Toyota has told some US drivers not to drive their cars as the airbag inflators might explode.
Affected cars contain Takata airbag inflators, which have been linked to over 30 deaths since 2009.
Toyota is also dealing with another safety crisis over faked safety tests at subsidiary Daihatsu.
Toyota has told drivers of around 50,000 of its vehicles in the US to get urgent repairs over fears that their airbag inflators could explode, causing "serious injury or death."
The Japanese auto giant issued a "do not drive" advisory on Friday for some older models equipped with a Takata airbag inflator, a part Toyota said was at risk of exploding and firing "sharp metal fragments" inside the car when the airbag deploys.
The vehicles impacted include the 2003-2004 Corolla, 2003-2004 Corolla Matrix, and 2004-2005 RAV4. Toyota has pledged to repair or replace the airbags in all affected cars for free.

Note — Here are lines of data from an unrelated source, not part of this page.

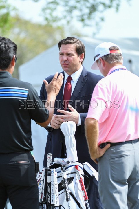 Florida Governer Ron DeSantis speaking with players during the opening event at the 2020 Arnold Palmer Invitational at Bay Hill in Orlando Florida on Wednesday March 4, 2020. Photo Credit: Marty Jean-Louis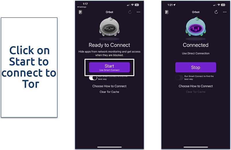 Step 2. Open the Orbot app and click the Start button to use a secure tunnel to connect to the Tor network.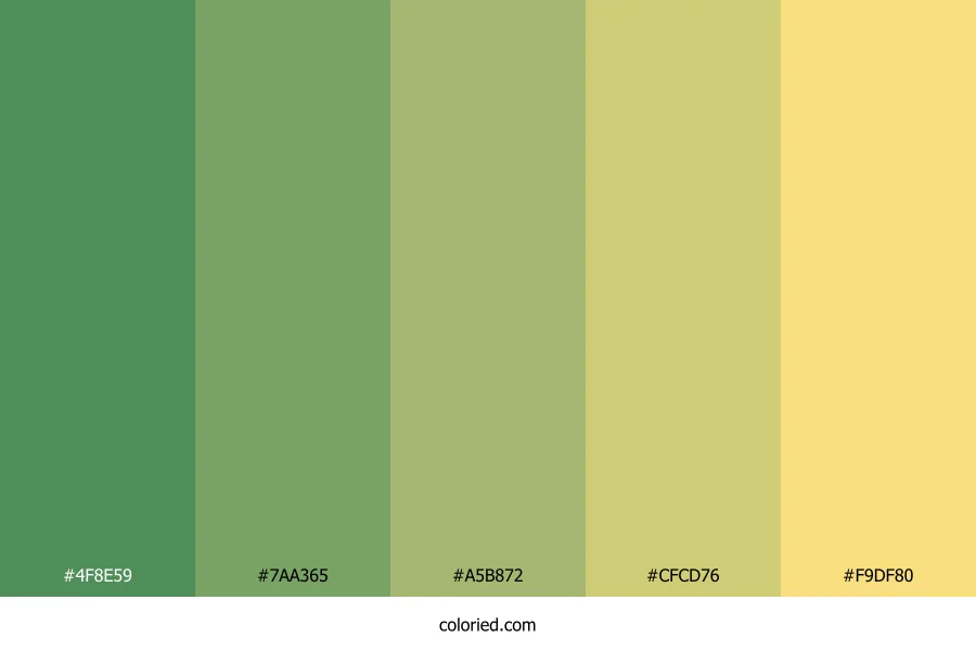 ![]() | #4F8E59 | 79, 142, 89 | 130, 29%, 43% | 44%, 0%, 37%, 44% | oklch(0.590 0.104 148) |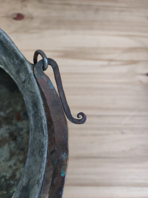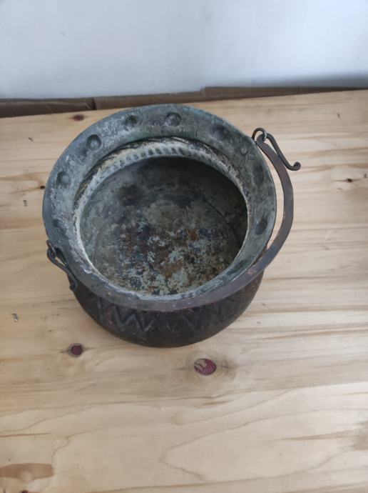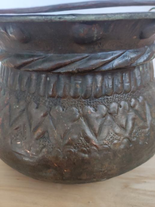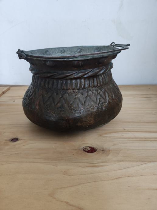 Prodajem stari, ukrasni bakreni lonac, ručni rad, dimenzije 22 š, 16 v. Na loncu vidljivi ukrasni ornamenti.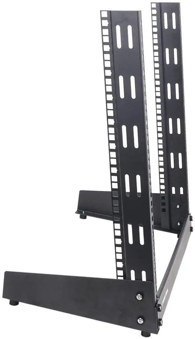 OPEN-FRAME DESIGN: 2-post open-frame 12U studio and server rack, rests on desktop or floor for organizing and installing equipment and cabling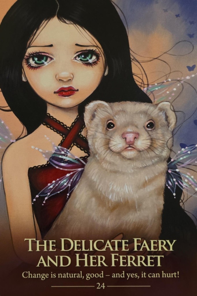 在這個變革的時代,沒有地圖、沒有指南、沒有先前的知識可以輕鬆依靠。當習氏被要求改變自己,要求適應,要求選擇。他覺得自己很脆弱,心裡有恐懼。因為在他生命中的這個週期與另一個週期之間的過渡並非是輕鬆、流暢、流暢和平穩的,而是粗暴、嚴酷、殘酷和痛苦的。但是,就像這個纖細的仙女她身邊有她的雪貂一般,習氏不需要獨自面對這些時刻,他的夥伴將利用他的爪子、他的危險感和他狡猾的聰明來幫助習氏克服恐懼,取得成就!然而,重點還是在習氏能否把注意力從他害怕的事情轉移到他想成為的事情上,面對那些讓他不必要地恐懼的事情。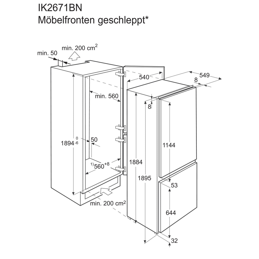 Electrolux Einbaukühlschrank IK2671BNR, Schlepptür, NoFrost, 188.4cm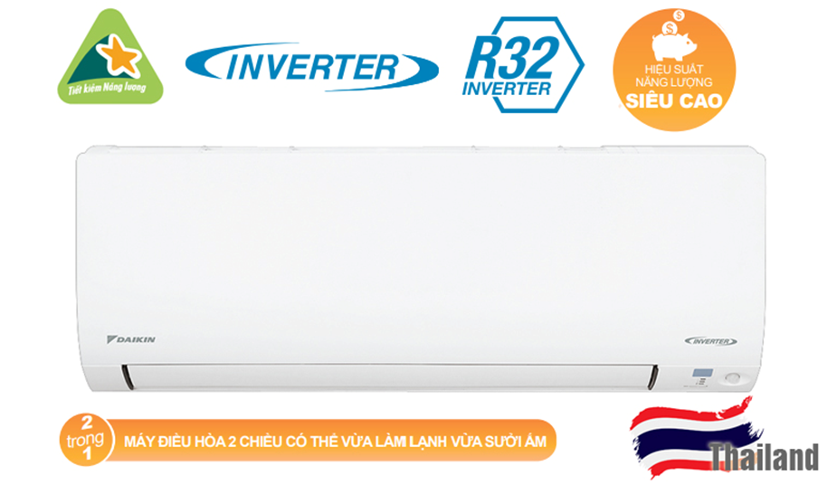 Daikin – Thương hiệu máy điều hòa Nhật Bản. Máy điều hòa Daikin 12000BTU inverter 2 chiều FTXV35QVMV được được sản xuất, nhập khẩu từ Thái Lan. Đây là nơi quy tụ sản xuất của các thương hiệu điều hòa hàng đầu trên thế giới: Panasonic, Mitsubishi Heavy, Toshiba…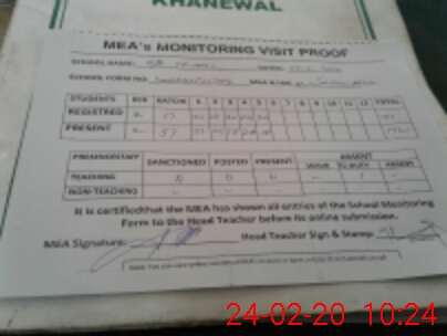 | Attendance Register | Head Teacher | MEA with School | Visit Proof |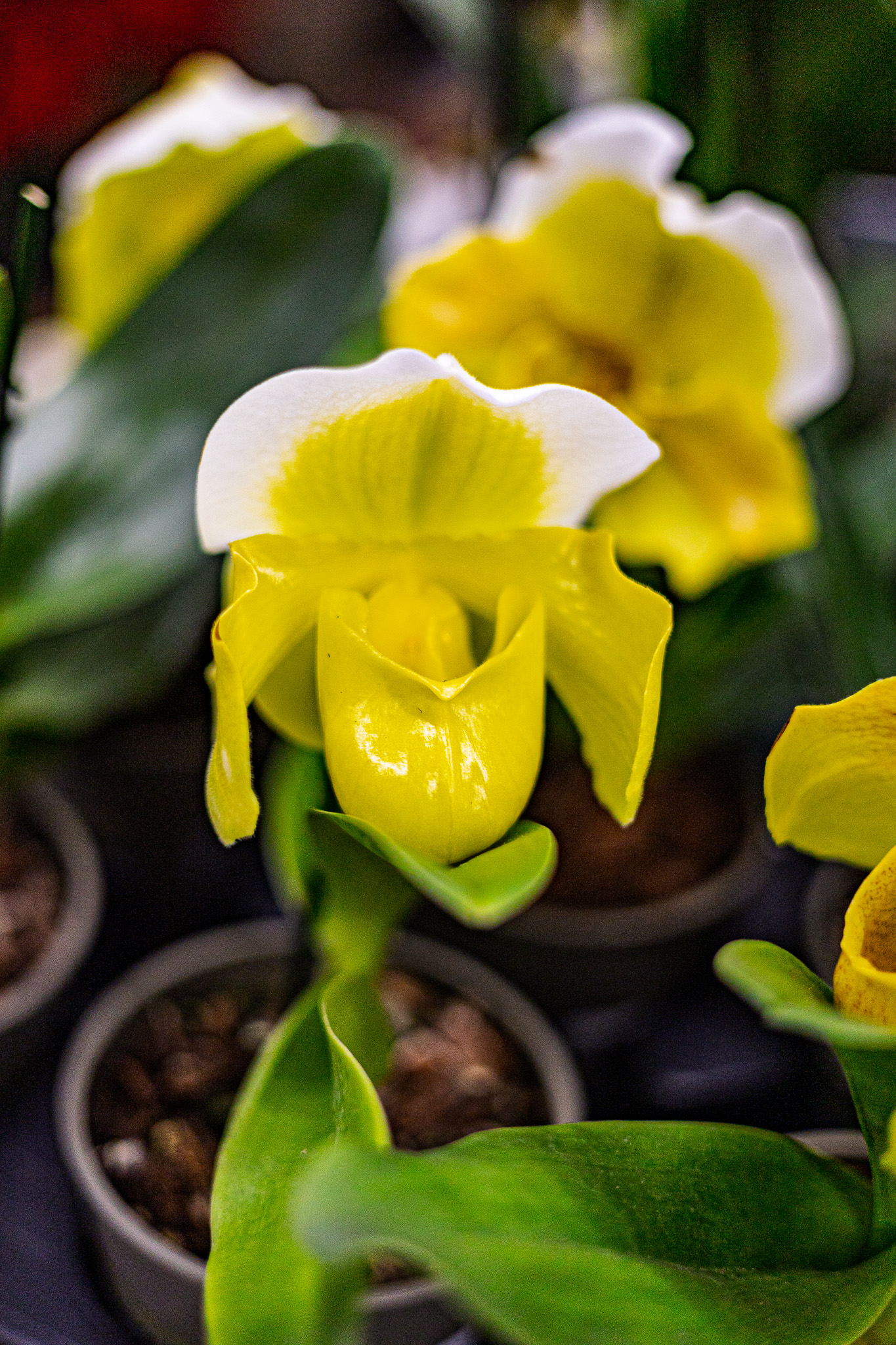 Znany jako „sabotka” ze względu na charakterystyczny, kieszonkowaty kształt kwiatu. To storczyk o wyjątkowej, niemal rzeźbiarskiej formie.

Takata airbag inflators have been linked to more than 30 deaths and hundreds of injuries since 2009, and have been responsible for the largest safety recall in automotive history.
Over 67 million airbags have been recalled by automakers in the US alone over the past decade and around 100 million worldwide, with Takata filing for bankruptcy in 2017 after years of lawsuits and criminal investigations.
The latest incident involving the defective inflator came in December, as BMW recalled 500 cars following an explosion that reportedly saw a driver suffer from severe shrapnel injuries and have a large piece of metal surgically removed from his lung.
Toyota has faced a series of headaches over vehicle safety in recent months. In December, its subsidiary Daihatsu halted production after admitting it had been forging safety tests for over 30 years, including on vehicles sold under the Toyota brand.
The manufacturer, which is the world's biggest carmaker, also faced a separate airbag issue late last year, and recalled more than one million vehicles over a defective sensor that could lead to the airbag failing to deploy during a crash.
Toyota did not immediately respond to a request for comment from Business Insider, made outside normal working hours.